Words Fail Me

It is really hard maintaining a professional blog these days, trying to write about the arts after spending the week watching the world go hell all around me. Part of me wants to forget about this site’s ostensible focus and write pages and pages about the seemingly unending stream of horrors we’re all facing, hoping to find just the right words that could help make sense of the issues we’re all facing. Another part of me, however, knows that most of what I’d have to say could be succinctly boiled down to “stop acting like a bunch of lunatics!” And no matter what I say, given the nature of this site, I have to somehow tie it in to theater or the arts, which can require some considerable mental gymnastics on my part.

I thought I’d found a way to discuss the ongoing disaster in Puerto Rico, which began when Hurricane Maria made landfall nearly three weeks ago and still shows no signs of being resolved. As of this writing, almost ninety percent of the island is still without power, and full details of what’s going on are still hard to come by. The death toll is no more than an estimate right now, and seems bound to climb – not that we have any hard facts to go on, since the official FEMA website is being constantly edited to hide the worst aspects of what’s happening. But for all that, the one part of this awful story that I keep coming back to has nothing to do with the physical and personal toll of the storm. Just after Maria struck, a poll came out stating that more than half of Americans didn’t realize that Puerto Rico was a part of America, and that its people are United States citizens. With that in mind, it’s easy to read all sorts of ignorance and sinister intent in things like our president’s towel-throwing behavior during the recovery effort, the delay in helpful legislation (like waiving of the Jones Act), and general indifference towards our fellow Americans. And as soon as I read that statistic, I heard something in the back of my head. If you’re taking time out of your day to read a random actor’s blog in the internet, you’re probably hearing the same thing, brassy melody and all:

Immigrant goes to America

Many hellos in America

Nobody knows in America

Puerto Rico’s in America

You know, from West Side Story, arguably the greatest of all American musicals? Even if you’ve never seen the show or watched the movie, you’ve heard "America" in commercials and cartoon parodies and elementary school band recitals. So here I was, all set to pen a nice jeremiad about how the fact that Puerto Ricans are our fellow Americans is a fact we’ve been exposed to all our lives, that’s been conveniently missed by the people who need to know it the most. I was going to argue that if people somehow managed to miss that lyric and its crucial lesson, and haven’t realized that Puerto Rico’s in America by now, it’s because, for whatever reason, that’s a lesson they don’t want to learn.

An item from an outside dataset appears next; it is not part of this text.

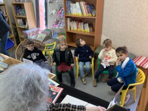 Cet après midi , heure du conte sur le thème de noël avec Nicole, lecture sur Kamishibais, dessin et chocolat au programme !!!

But then, as I sat down to write this post, I decided to do some actual research (for once) and look up the full lyrics to America. And…well, here’s the very first words Anita sings in this number:

Puerto Rico . . .
You ugly island . . .
Island of tropic diseases.
Always the hurricanes blowing,
Always the population growing . . .
And the money owing,
And the babies crying,
And the bullets flying.
I like the island Manhattan.
Smoke on your pipe and put that in!

Uncomfortable, right? If you’re like me, you can easily imagine some willfully negligent member of the federal government (hypothetically speaking, of course – can’t imagine who I could be talking about) having those words reverberating in their mind, justifying their indifference. If our current president does indeed have an internal monologue behind his actions, it might very well sound like that. But if that’s the case for folks like that, then they weren't totally ignorant of West Side Story.  They'd heard, and absorbed, the exact same song I did. But they'd conveniently forgot one part – and, I must confess, I’d conveniently forgotten the other.

Obviously, when Bernstein and Sondheim wrote "America," they meant for it to contain the full range of the immigrant experience. That’s why the song’s the landmark that it is (that and some clever things it does with rhythm). And what’s depressing is that, despite all of their efforts, we all refuse to acknowledge that full range. We cherry pick the parts we want, and fashion our own half-baked and off-topic arguments out of them, mostly to justify our own prejudices.

So I discarded the angry rant I was planning to write, and wrote this instead. And gave twenty dollars to the Habitat for Humanity initiative that will be focusing on Puerto Rico. Because oftentimes, galling though it is for a writer to admit, actions do speak louder than words.